Le syndicat a fait valoir que cette clause était plus avantageuse pour le plaignant que ce que la Loi sur les accidents du travail et les maladies professionnelles prévoit pour un travailleur dans sa situation. En désaccord avec cette prétention, l’arbitre Bergeron a décliné compétence. Sa sentence arbitrale a été jugée déraisonnable tant par le juge Sansfaçon, de la Cour supérieure, que par les juges Bich, Pelletier et Émond, de la Cour d’appel.

  • La question de décider si la convention collective à l’étude contient une disposition plus avantageuse que la Loi sur les accidents du travail et les maladies professionnelles pour le salarié et, le cas échéant, la mise en oeuvre de cette disposition relèvent de la compétence de l’arbitre. La norme de contrôle applicable à cet égard est celle de la décision raisonnable.
  • Le motif avancé par l’arbitre Bergeron au soutien de son interprétation de la clause à l’étude repose essentiellement sur une mauvaise conception de la notion d’«emploi convenable», conception que la norme de la raisonnabilité ne permet pas de tolérer.
  • Pour qualifier un emploi de «convenable» au sens de l’article 2 LATMP, il ne suffit pas que le travailleur soit en mesure d’exécuter les tâches rattachées à une fonction.
  • L’arbitre Bergeron n’a pas examiné la clause dans son contexte ni ne s’est interrogé sur l’intention des parties lorsqu’elles l’ont stipulée. Il a statué de manière péremptoire, sans procéder à l’exercice interprétatif qui s’imposait.
  • La clause précitée, «dont le libellé est fort large», est plus avantageuse que la loi (Université McGill, paragr. 114).

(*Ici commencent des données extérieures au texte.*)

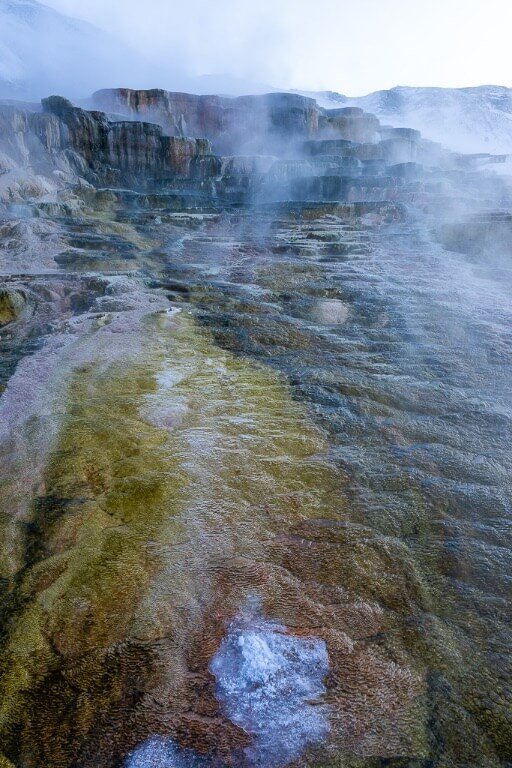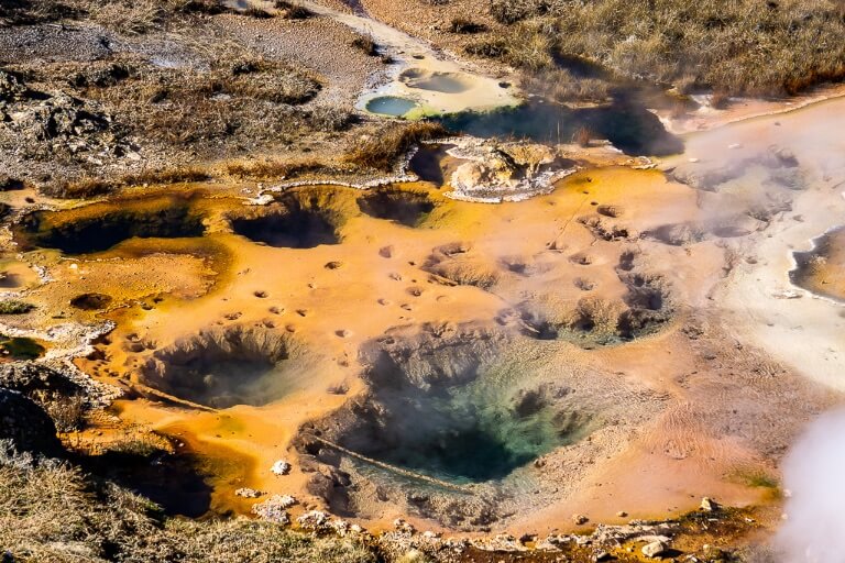 Stop just 1 mile further up the road and hike Artists Paintpots Trail to see bubbling mud pots and lots of small orange springs. Itâs one of our favorite lesser known spots in the park, so donât miss it. Continuing north, the next stop is Norris Geyser Basin which takes quite a while to get around. Norris is split into 2 sections called Back Basin and Porcelain Basin. It doesnât matter which section you visit first, but donât miss Steamboat Geyser (tallest geyser in the world) and Echinus Geyser (largest acid-water geyser).
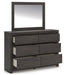 Details PCB3370B8: Includes headboard panel, headboard posts, footboard and rails, Made with engineered wood (MDF/particleboard/plywood) and decorative laminate for the right balance of affordability and durability , Dark charcoal finish over replicated oak grain, Decorative laminate replicates natural or man-made material surfaces with consistent color, pattern and texture, Foundation/box spring required, sold separately, Mattress available, sold separately, Assembly required, PCB3370B1: Includes dresser and mirror, Made with engineered wood (MDF/particleboard/plywood) and decorative laminate for the right balance of affordability and durability , Dark charcoal finish over replicated oak grain, Decorative laminate replicates natural or man-made material surfaces with consistent color, pattern and texture, Recessed hand grabs create hardware-less effect, 6 smooth-gliding drawers, Drawer interiors are lined with a faux linen laminate for a clean, finished look , Safety is a top priority, clothing storage units are designed to meet the most current standard for stability, ASTM F 2057 (ASTM International), Drawers extend out to accommodate maximum access to drawer interior while maintaining safety, Mirror attaches to back of dresser; can also be mounted on wall horizontally or vertically, Assembly required,

Comme l’avait conclu le juge Sansfaçon, la juge Bich a déterminé que, dans ce dossier, l’arbitre possédait la compétence requise pour entendre et trancher les griefs dont il était saisi et qu’il aurait simplement dû faire le constat que le régime que prévoit la clause précitée de la convention collective est plus généreux que le régime prévu à la loi.

Le dossier est retourné à l’arbitre afin qu’il se prononce sur le fond des griefs réclamant l’annulation du congédiement du plaignant ainsi que sa réintégration dans un emploi au sein de l’Université.

*À noter que dans Ville de Montréal-Est c. Syndicat des cols bleus regroupés de Montréal, section locale 301 et dans Syndicat des cols bleus regroupés de Montréal, section locale 301 c. Beaconsfield (Ville de), une autre formation de la Cour d’appel s’est récemment prononcée sur le même sujet.

Références

  • Université McGill c. McGill University Non Academic Certified Association (MUNACA), (C.A., 2015-11-24), 2015 QCCA 1943, SOQUIJ AZ-51232736. À la date de diffusion, la décision n’avait pas fait l’objet de pourvoi à la Cour suprême.
  • Université McGill et Munaca (Ron Zahorak), (T.A., 2011-06-08), SOQUIJ AZ-50780687, 2011EXPT-1642, D.T.E. 2011T-582.
  • McGill University Non Academic Certified Association (MUNACA) c. Bergeron (C.S., 2013-03-20), 2013 QCCS 1175, SOQUIJ AZ-50948629, 2013EXP-1268, 2013EXPT-725, J.E. 2013-692, D.T.E. 2013T-256.
  • Montréal-Est (Ville de) c. Syndicat des cols bleus regroupés de Montréal, section locale 301 (C.A., 2015-11-26), 2015 QCCA 1957, SOQUIJ AZ-51233863. À la date de diffusion, la décision n’avait pas fait l’objet de pourvoi à la Cour suprême.
  • Syndicat des cols bleus regroupés de Montréal, section locale 301 c. Beaconsfield (Ville de), (C.A., 2015-11-26), 2015 QCCA 1958, SOQUIJ AZ-51233864. À la date de diffusion, la décision n’avait pas fait l’objet de pourvoi à la Cour suprême.